2. End-to-End Machine Learning P

作者: 奉先 | 来源:发表于2020-06-21 12:49 被阅读0次

2. End-to-End Machine Learning P
机器学习的10点建议
十大机器学习算法
《Machine Learning Mastery with P
Machine learning booooks
00 Machine Learning Introduction
【ML】Machine learning model
Machine Learning @ Python
The Fundamentals of Machine Lear
论文笔记-End-to-end representation l

1. 背景介绍

本章是全书第一部分，将展示一个完整的机器学习项目，让大家先有个整体性的认识。
假设自己是一家房地产公司的新聘数据科学家。项目使用“加利福尼亚住房价格”数据集，如下图所示：

California housing prices

一般机器学习项目分为以下一些重要步骤：

问题全景分析

2. 问题全景分析

项目的整体目标，是使用加州人口普查数据来建立该州的房价模型。数据包括加利福尼亚州每个街区组（类似我们的居委会）的人口，中位数收入和房价中位数等指标。根据这些数据和所有其他指标来预测任何地区的房价中位数。

2.1 业务目标

项目的定位和意义

通过上图发现，模型通过地区数据，预测得到房价数据。再将房价数据导入投资分析模型，得到投资数据。也就是房屋价格预测模型是一个数据处理的中间环节。
下面设计系统，很显然这是一个监督学习任务，并且是一个回归任务，使用简单的批处理学习就可以解决。

2.2 评价指标

第二个问题是选择评价指标。
说下欧式距离。
规范指数越高，它越关注大值而忽略小值。这就是为什么RMSE对异常值比MAE更敏感的原因。

3. 获取数据

项目的开发语言选择python3，需要导入必要的包：numpy、pandas、matplotlib等。开发工具使用jupyter。任意创建一个工作目录，后续代码将在此运行(后续代码都在jupyter中创建并运行)。
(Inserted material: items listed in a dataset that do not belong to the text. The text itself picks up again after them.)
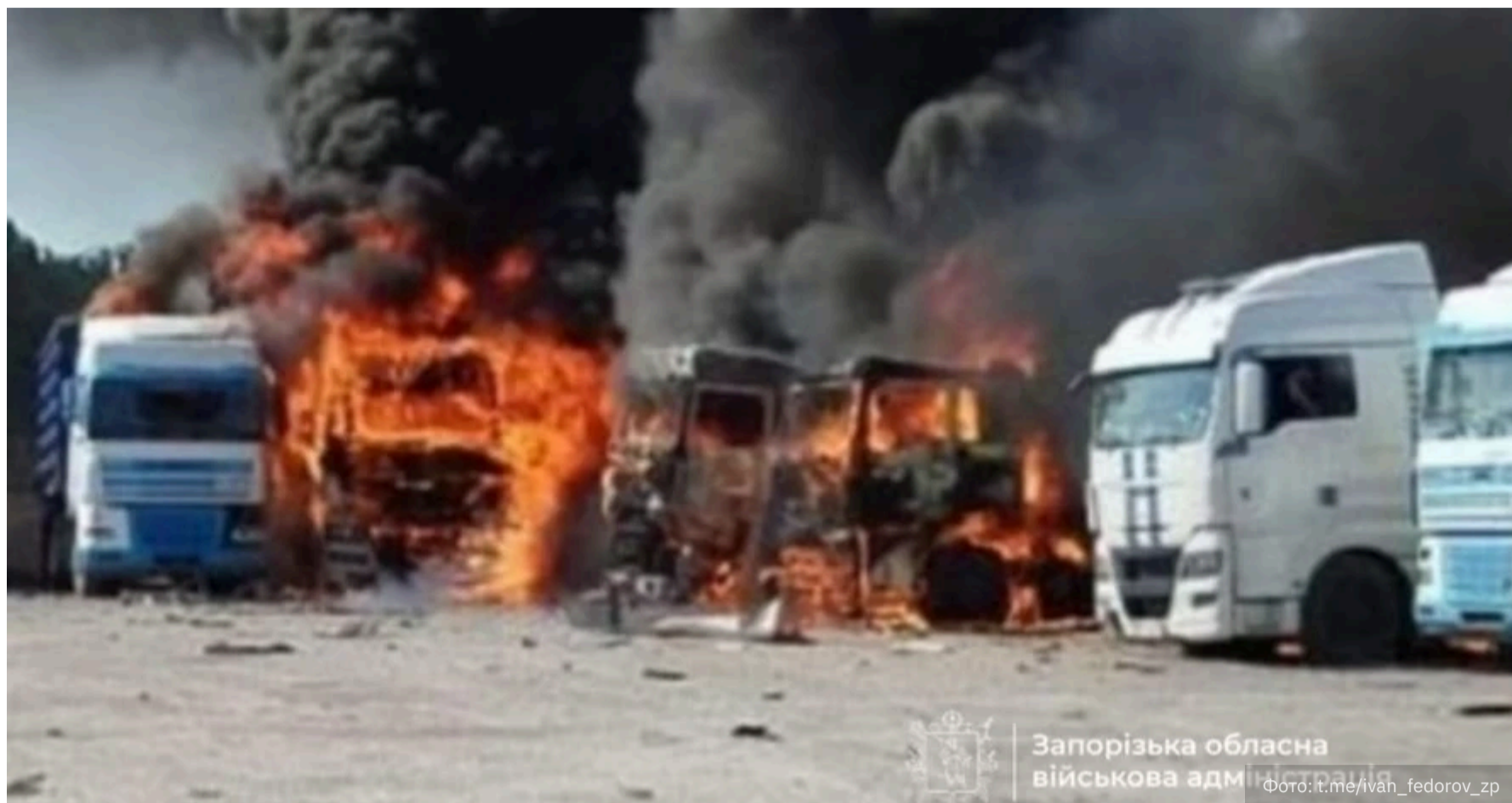
Запорізька обласна військова адм.
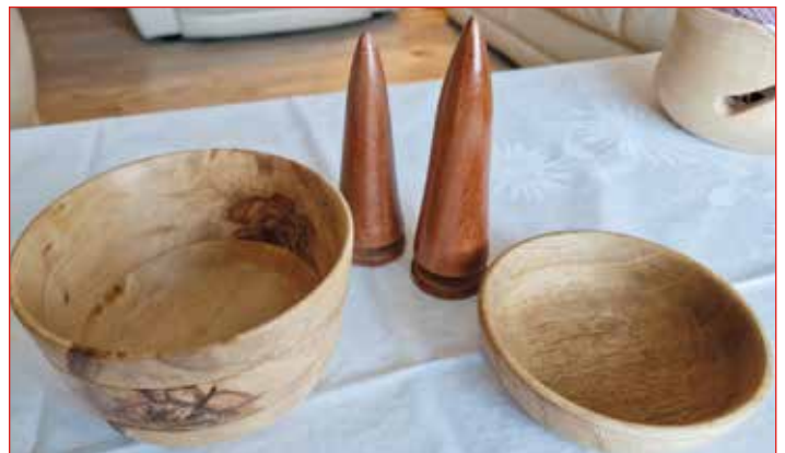
Verkefni úr bekknum
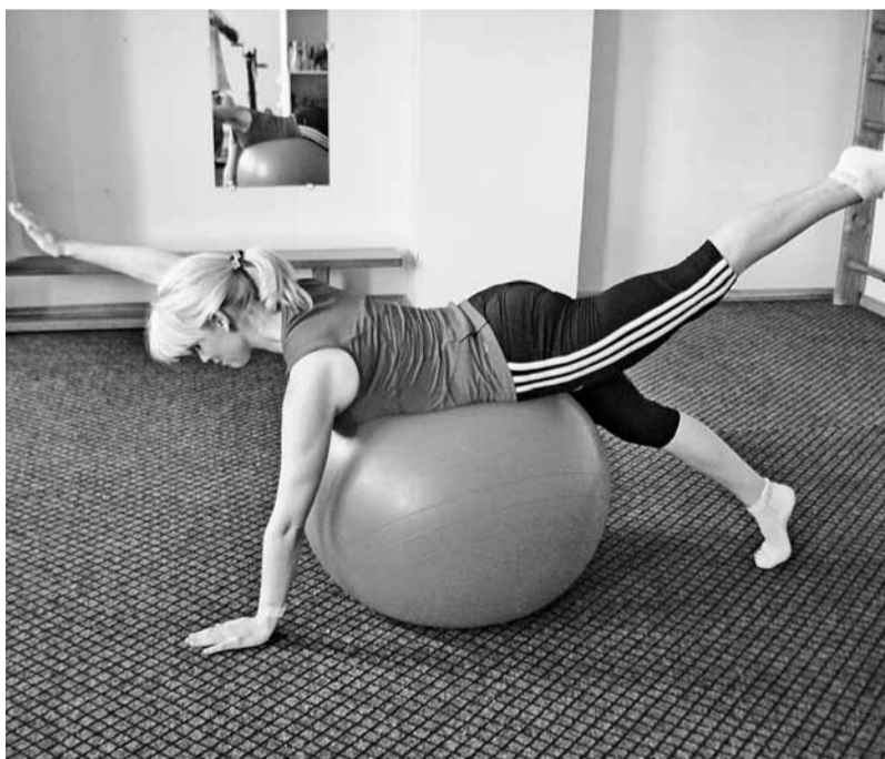
Nodarbības tiek apgūta individuāla vingrojumu programma, ko viegli var izpildīt mājās apstākļos.

Fizioterapeits savu darbību var uzsākt vēl pirms cilvēks nāk
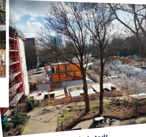
Alles neu in Lokstedt
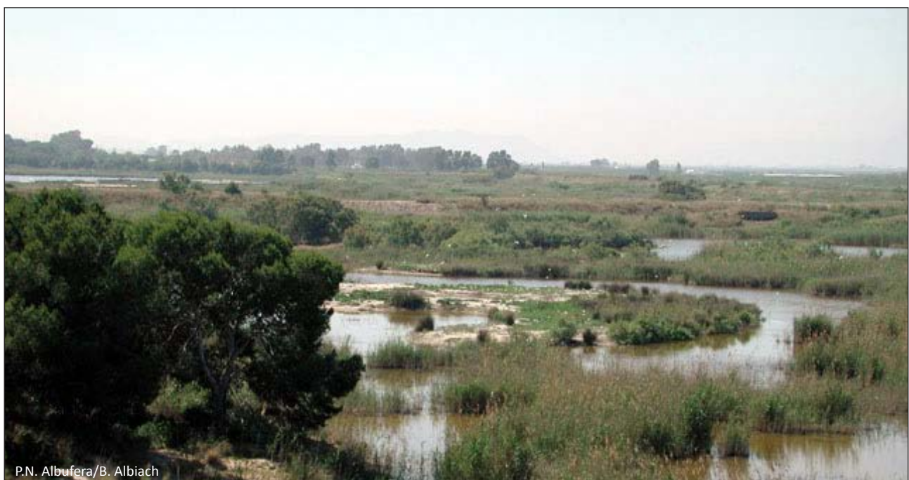
P.N. Albufera/B. Albiach
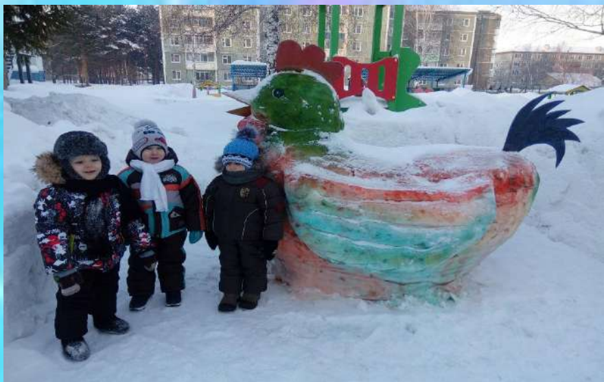
Зимняя планета детства
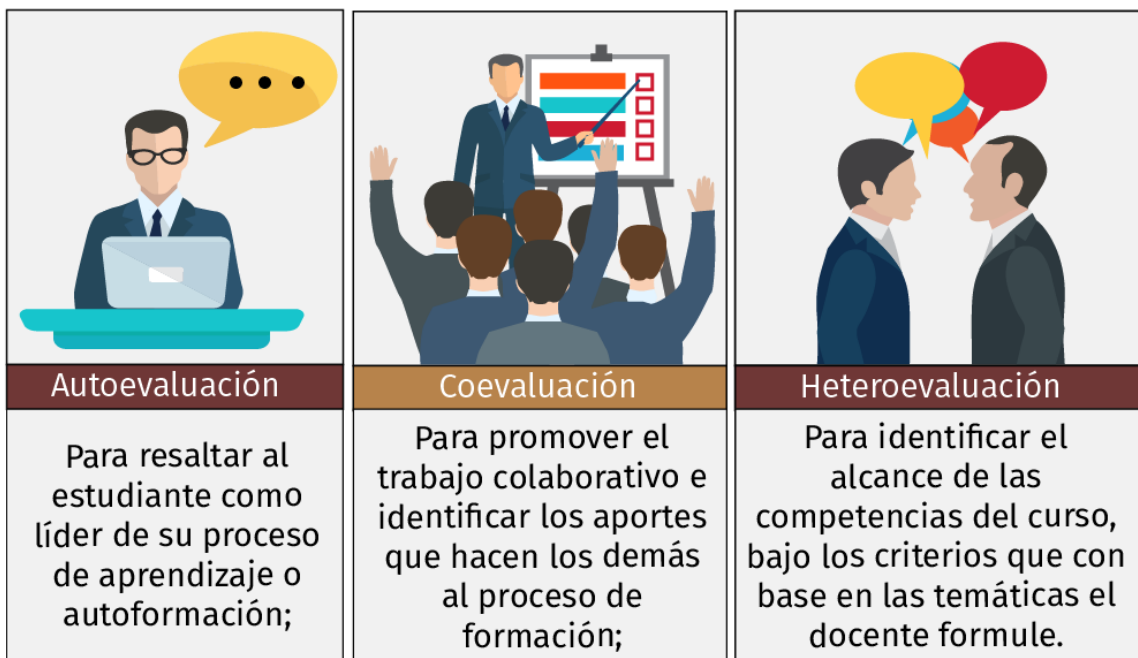
Figura 2. Tipos de evaluación. Elaboración propia.

La evaluación del curso se apoya en los tres tipos clásicos de la evaluación:
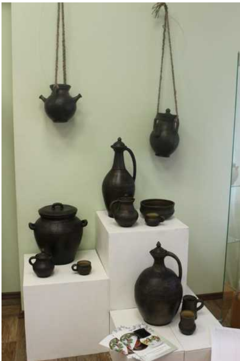
Фотография 2 из 4. Для просмотра галереи нажмите на фото.
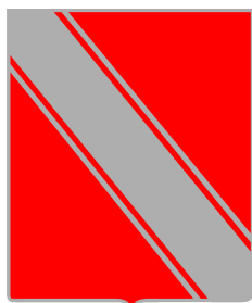
Commune de Gedinne

Les lots non attribués lors de cette vente seront remis en vente par soumissions sans autre forme de publicité le Wednesday 15 May.
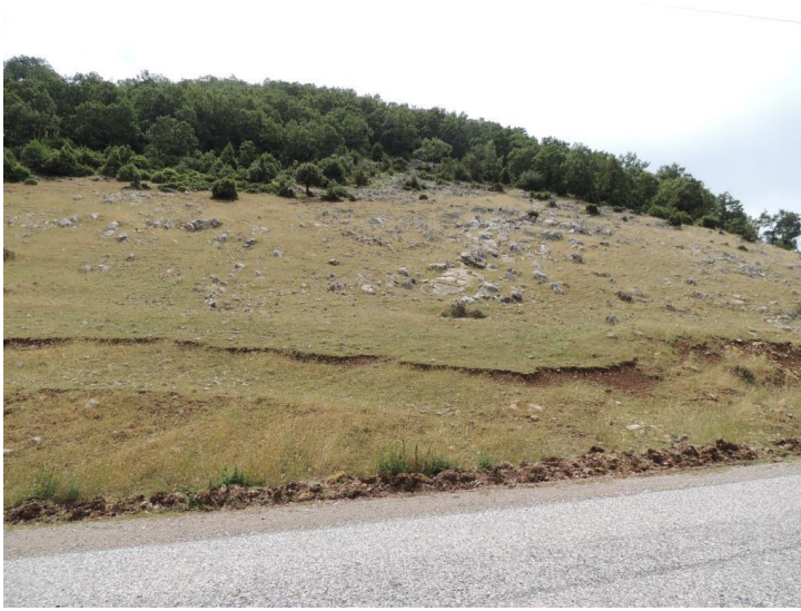
Şekil 4.24. İstasyon No:5, Dışkaya Köyü Ericek Köyü Yolu 1. Pelophylax ridibundus ve Heremites auratus habitatı 07.07.2013
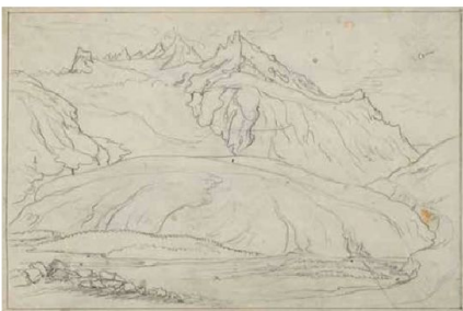
Abb. 5: Skizze zu Rhonegletscher von der Talsohle bei Gletsch gesehen.

werte ästhetische Sicherheit, mit welcher der Künstler bei dem Alpen-Projekt Neuland betritt?
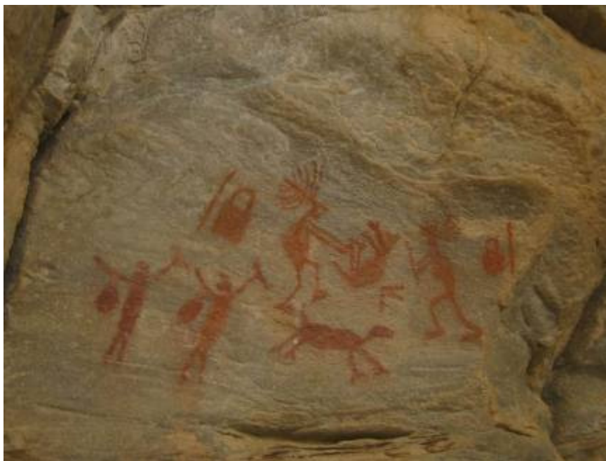
Figura 5: Pinturas rupestres de Tradição Agreste em Carnaúba dos Dantas.

Figure 5: Agreste Tradition of rock paintings in Carnaúba dos Dantas.
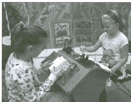
Písařská dílna ve středověku.

Vycházku jsme zakončili v hasičce Sedlec, kde věkově smíšená družstva poznávala dopravní značky a plnila kvíz z dopravní výchovy. Druhý den jsme vyhodnotili všechny soutěžící a první místo získalo
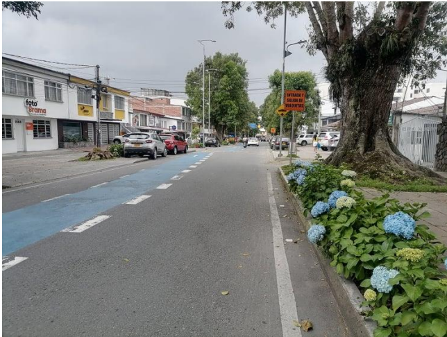
Imagen 11. Bulevar de Milán, A. Gil. 2022.

En este caso, el proceso de urbanización ha sido acelerado puesto que el mismo espacio pasó de ser un barrio residencial a convertirse en un sector importante de la vida nocturna en Manizales. Esta situación hizo que en este sitio se presentaran problemáticas como lo es la inseguridad y el alza de precios sobre los productos que allí se comercializan en las tiendas.
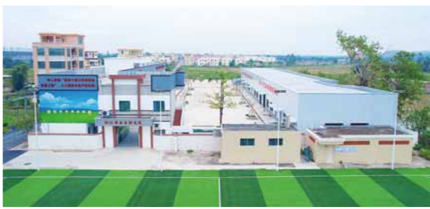
2025年8月19日，阳江市禾虫研究院正式建成启用，标志着江城区禾虫产业向标准化、专业化、规模化、品牌化发展。
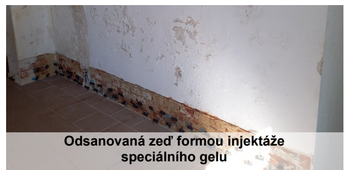
Odsanovaná zeď formou injektáže speciálního gelu

Už teď se těšíme na akce, které se zde budou pořádat.
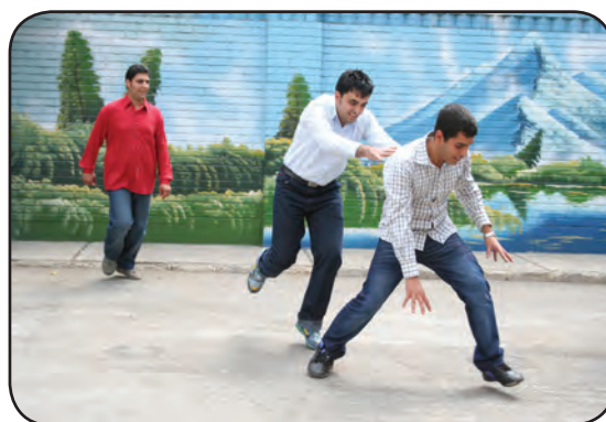
رفتار نامناسب در حیاط مدرسه
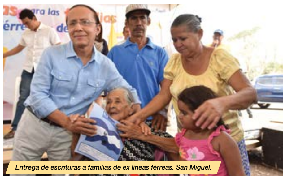
Entrega de escrituras a familias de ex líneas férreas, San Miguel.

首先开发一个函数，函数的功能是从外部下载并解压实验数据，代码如下：

import os 
import urllib
import tarfile

DOWNLOAD_ROOT = "https://raw.githubusercontent.com/ageron/handson-ml2/master/" 
#本地接收地址
HOUSING_PATH = os.path.join("datasets", "housing")
#远端下载地址
HOUSING_URL = DOWNLOAD_ROOT + "datasets/housing/housing.tgz"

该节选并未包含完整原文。